En application de l’article 699 du code de procédure civile, les avocats peuvent, dans les matières où leur ministère est obligatoire, demander que la condamnation aux dépens soit assortie à leur profit du droit de recouvrer directement contre la partie condamnée ceux des dépens dont ils ont fait l’avance sans avoir reçu provision.
En l’espèce, les époux [L] succombant à l’instance seront condamnés aux entiers dépens, distraits au profit de la SELARL KIEFFER MONASSE, Avocats.
— Sur la demande au titre de l’article 700 du code de procédure civile
Aux termes de l’article 700 du code de procédure civile, le juge condamne la partie tenue aux dépens ou qui perd son procès à payer à l’autre partie la somme qu’il détermine, au titre des frais exposés et non compris dans les dépens (…). Dans tous les cas, le juge tient compte de l’équité ou de la situation économique de la partie condamnée. Il peut, même d’office, pour des raisons tirées des mêmes considérations, dire qu’il n’y a pas lieu à ces condamnations.
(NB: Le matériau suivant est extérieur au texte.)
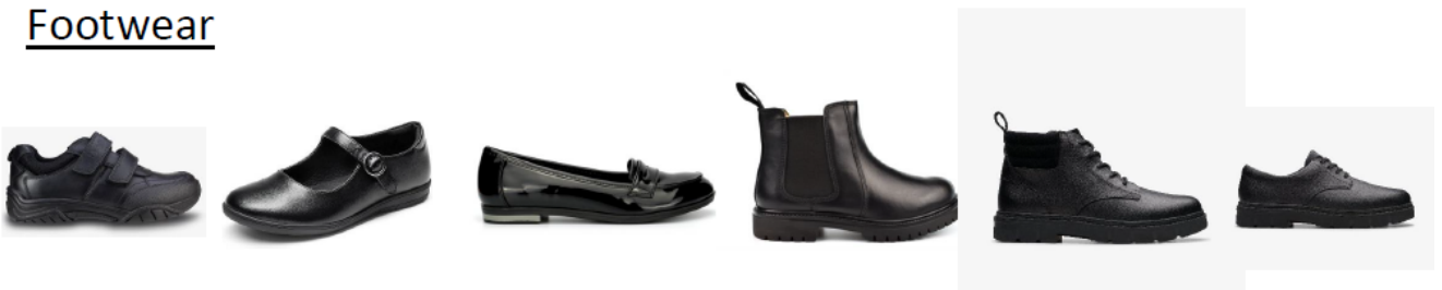
Black shoes or boots to be worn on non-PE days (examples above). Trainers must not be worn on non-PE days.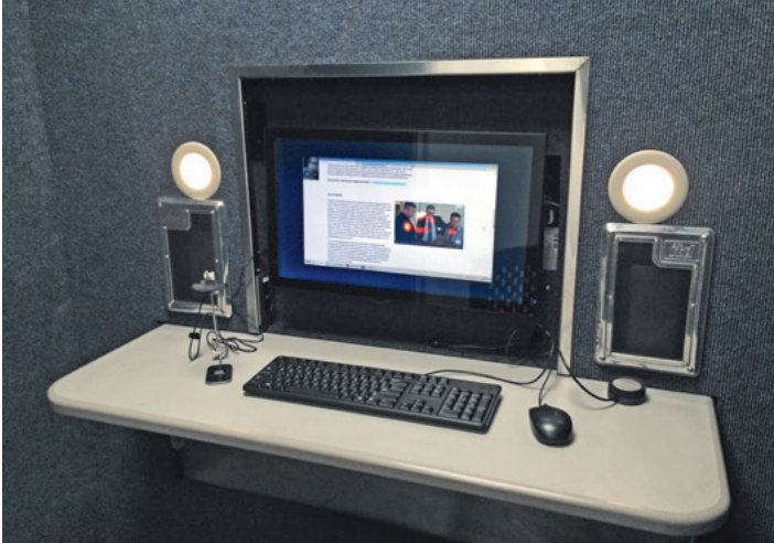
Usability testing can be monitored from the Super Booth as well as within the collaboration space, simultaneously.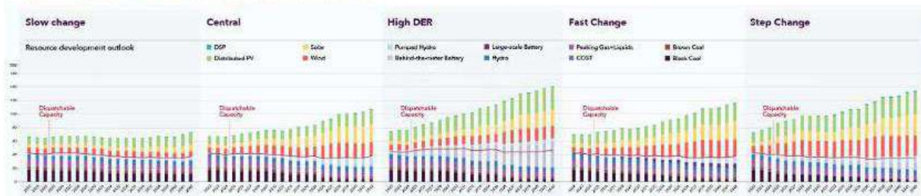
Figure 11 Power system development across five scenarios

That's right! If you don't believe me, here's a graph taken straight from the ISP report showing the proposed overall dispatchable capacity in the East Australian network in coming decades. That's the squiggly line, right in the middle. All five scenarios are shown: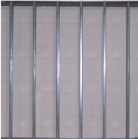
Step 1: Steel Studs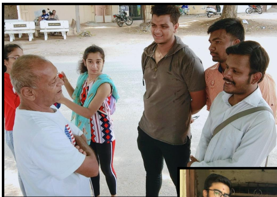
Some photographs taken on day 2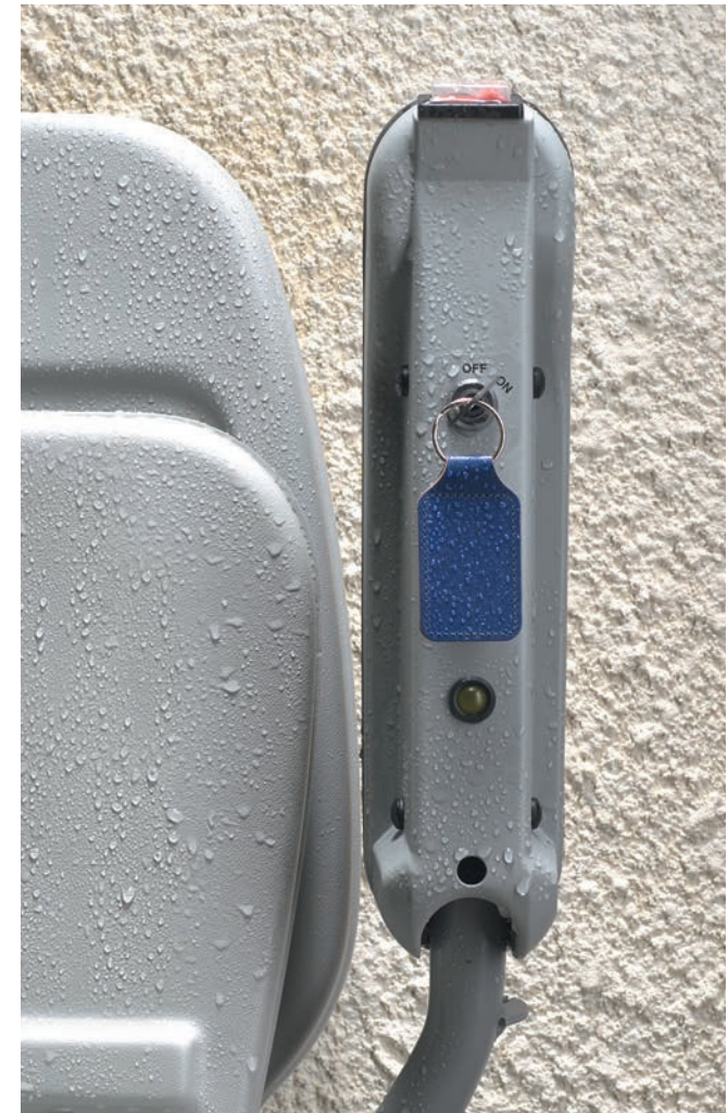
A removable power key adds additional security

"We are delighted with the stairlift. My wife enjoys the ride. It gives her independence. She finds it very easy to use"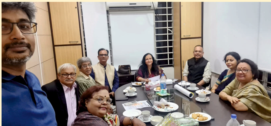
Asst. Governor's visit to Acropolis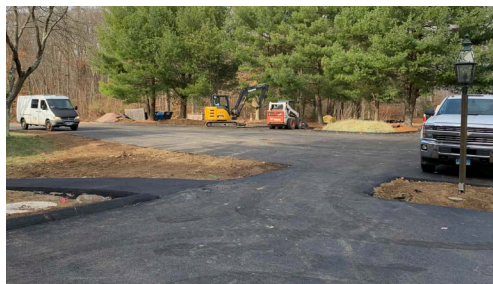
A much smoother, safer walk between lots.

What we see when we turn off West Main Street is a neatly laid layer of jet-black asphalt. And what we feel is a perfectly smooth ride. “This is going to be a game-changer for Guest House,” says Rich. “This long-needed facelift is going to benefit all of us in many ways. I am hopeful that this investment will lay the groundwork for solving a number of nagging problems that tend to go back to the basic fact that Guest House was built too low relative to the surrounding area.”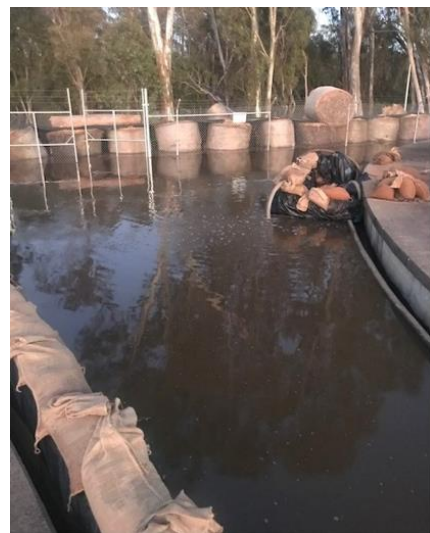
Figure 1. The treated water storages before (left), and during the flood peak (right). The photos above were shared on GVW social media so that the community would have confidence in the town water supply. Misinformation was a common occurrence but the communications team quickly corrected rumours on social media that the town water supply was about to be cut off.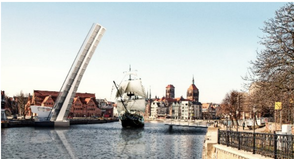
Future Drawbridge over River Motława in Gdansk Poland, 1. award in the International Design Competition, designed by Ponting d.o.o., Maribor, Slovenia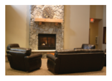
Fireplace in lobby of Boys' Dorm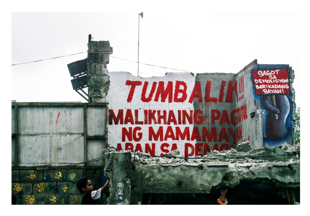
Fig. 2. The mural reads "Tumbalik!!!" Also on the right is the image of a protest placard saying "Sagot sa demolisyon, barikadang bayan!" ("The solution to demolition? The people's barricade!").

Other murals draw elements from other spheres of experience, revealing intersections among the urban poor and other sectors. With the influence of KADAMAY, some of the residents adopted the comprehensive call "lupa, sahod, trabaho, at karapatan" ("land, wages, jobs, and rights") of the workers' movement, imbuing the campaign with their own calls such as housing, water, and electricity (figs. 3 and 4). While figure 3 directly presents the campaign, figure 4 takes a satirical approach: the democratic rights forwarded by the locals (now including water, electricity, and affordable housing) are on the dinnertable of several defaced figures while a slogan hangs above saying "Serbisyo sa tao, huwag gawing negosyo" ("Services for people shouldn't be made into business").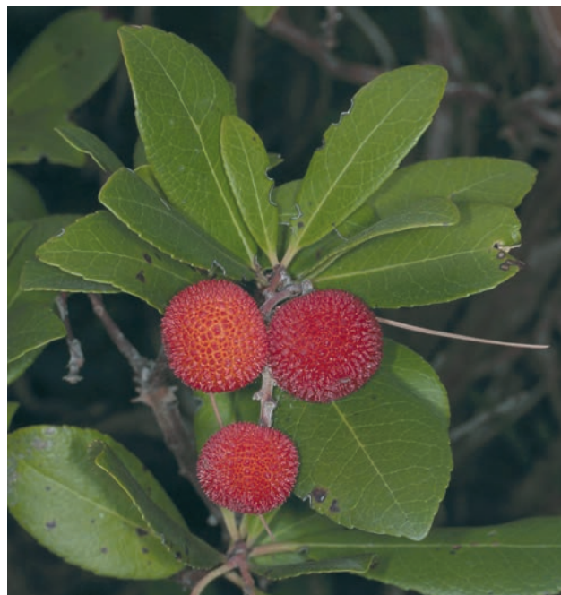
Fig. 8. Arbutus unedo.

Not listed from Pateras by Constantinidis (1997).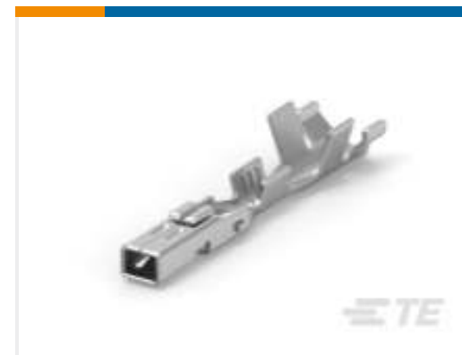
TE Part #2329915-1 Power Versa-Lock RECPT, 22-26 AWG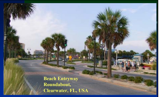
Beach Entryway Roundabout, Clearwater, FL, USA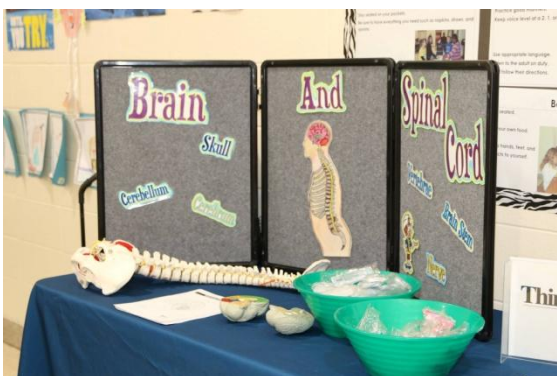
A few pictures from the PTA Science Fair held on February 4 th .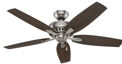
Shown in brushed nickel / medium walnut / dark walnut

The Newsome Ceiling Fan offers a simple, classic look that works well in many interior spaces, and its reversible blades allow you to customize the look to suit your tastes. Equipped with a 3-speed WhisperWind motor, it quietly delivers refreshing airflow to create a comfortable environment. Pull chains are included for turning the fan on/off, adjusting speed, and turning the light on/off. Fan direction can be reversed using a switch on the fan. Optional accessories are sold separately.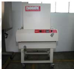
Heat Shrink Tunnel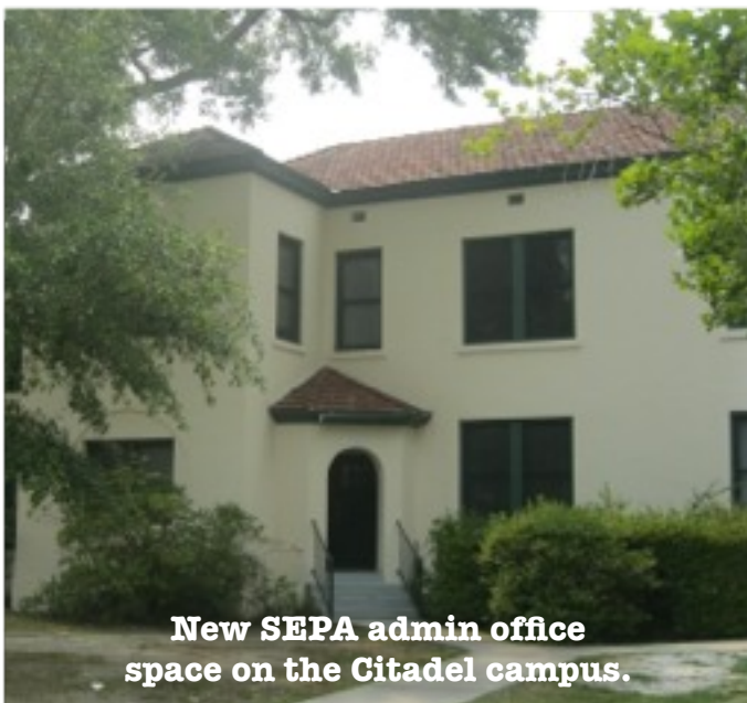
New SEPA admin office space on the Citadel campus.

As the new Administrative Officer, I welcome your input on how we can make the meeting better as well what you want to make sure we don't screw up!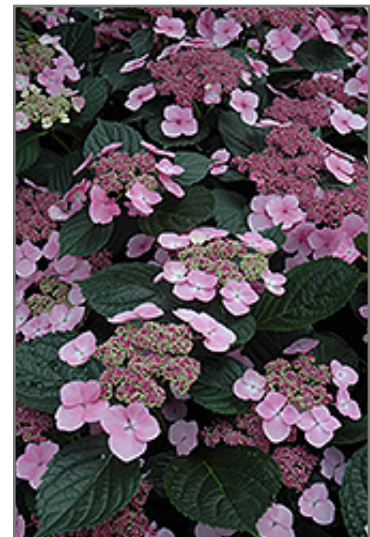
Tokyo Delight Hydrangea flowers

Les parties peuvent produire les justificatifs des sommes qu’elles demandent.
En l’espèce, il serait inéquitable de laisser à la charge du CREDIT LOGEMENT la totalité des frais irrépétibles qu’il a pu engager et qui ne sont pas compris dans les dépens.
Il convient en conséquence de condamner les époux [L] à payer au CREDIT LOGEMENT la somme de 2.000 euros au titre des dispositions de l’article 700 du code de procédure civile.
— Sur l’exécution provisoire
En application de l’article 514 du code de procédure civile, l’exécution provisoire est de droit et il n’y a donc pas lieu, en l’absence de demande contraire, de se prononcer sur ce point ni de la rappeler au dispositif de la présente décision.
PAR CES MOTIFS
Le Tribunal, statuant après débats en audience publique par jugement mis à la disposition des parties au greffe, réputé contradictoire et en premier ressort,
CONDAMNE solidairement Monsieur [I] [L] et Madame [D] [O] épouse [L] à payer à la SA CREDIT LOGEMENT la somme de 45.355,18 euros ;
DIT que la somme de 44.660,67 euros portera intérêts au taux légal à compter du 05 décembre 2024, jusqu’à parfait paiement ;
CONDAMNE in solidum Monsieur [I] [L] et Madame [D] [O] épouse [L] à payer à la SA CREDIT LOGEMENT la somme de 2.000 euros au titre de l’article 700 du code de procédure civile ;
DEBOUTE la SA CREDIT LOGEMENT du surplus de ses demandes ;
CONDAMNE in solidum Monsieur [I] [L] et Madame [D] [O] épouse [L] aux entiers dépens de l’instance et accorde à la SELARL KIEFFER MONASSE, Avocats, le bénéfice des dispositions de l’article 699 du code de procédure civile ;
Ainsi jugé et prononcé par mise à disposition au greffe, le 03 décembre 2025.